NO VACANCY

Clean and Free Wi-Fi

TELEPHONE

Swimming pool + Cable TV


He slowed the car. “This one?”  Before I could respond, he ruled the option out for himself. “No,” he said “looks… weird.”

He had spent the past few hours doing this, rejecting motels for not perfectly fulfilling an ever-growing and increasingly specific set of made-up criteria. He cited minor inconveniences and challenges, though many of these were also imaginary, and declared them to be insurmountable faults. “The lights are off at the front desk,” he said, even if they were not. Or, he commented that it looked run down, dirty. Sandpaper walls, flies falling helplessly upward, into the flickering neon. Besides, he would joke, we were not so far from home. He would say this though we were very far from our apartment, with our moss-green couch. Then he’d laugh, “Wanna pull an all-nighter?”

Columbia, Missouri. He pulled back into the highway, and I yawned. I was grateful for my teary eyes, because it was their moisture that kept them from closing. “There?” I pointed at blurry signs in the distance, hoping that he would catch on to the fact that I had desperately wanted a bed, no matter how hard and lumpy the mattress was. “Nah,” he replied.

I had suspected, for a while, that this restless and paranoid obstinateness was simply his nature. He worked and worked; before deciding to quit to take this trip with me, he was known as a ‘consulting prodigy,’ often staying up till three in the morning to do whatever it was that they did at a firm which I know better than to name, a company which, in his own words, “sucked the soul outta you through the asshole.”

Though he promised that his choosing to quit his job, and his asking to take a long road trip with me, was an attempt to ‘lead a healthier lifestyle,’ I noticed that he would still only rest at the last possible minute, when his body screeched against its own weight, when he felt like a building so structurally unsound that a tremor, let alone the earthquake itself, would be enough to topple it. It took a lot, though, to reach this point. Old habits died slowly.

Unlike my boyfriend, I rarely had any desire to show resilience. In fact, I was much too easily worn thin by even the most trivial of hindrances. I was as fragile as a too-vigorously rolled sheet of dumpling paper; I was a casualty of my own pliability, a thing soft and delicate to the point that it became impossible to touch, almost. I was tired, and I lacked the will to fight my body, which was always in the mood for languishing.

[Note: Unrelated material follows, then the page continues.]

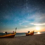 Här finns matplats och utomhusmatplats med köksutrustning, såsom vattenkokare, köksredskap och diskmaskin. Restaurangen GRUBY De Lux, som serverar ett brett utbud av måltider, ligger ungefär 5 minuters promenad bort. Villan ligger 75 km från Gdansk Lech Walesa flygplats.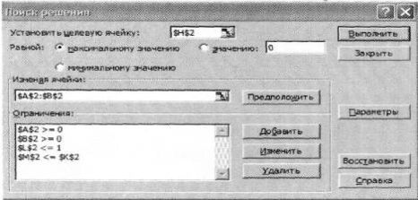 После выполнения поиска решений получим модель потребительского вида представленную в табл. 2

All this aside, I did try my hardest to keep myself alert so long as he was awake and we were on the road.

This was at his request. “Still, I mean, if you can’t take over, because you’re too tired,” he said, “you should be there. Awake. At least awake enough to know if I’m asleep. You know, to wake me up.”

I asked, “Are you about to fall asleep?”

He did not reply. Of course, this was two hours ago, and here we were, still awake.

“Come on,” I said, nudging him. “Neither of us are enjoying this.”

For a moment, we were quiet.

“You’re right,” he said. “It’s just that—well, I don’t really know. There’s nothing good enough. We’ll pull in to the next one though, promise.”

A truck whirred past, and disappeared into the dark behind our headlights. We followed it but never found it. Was it in a rush?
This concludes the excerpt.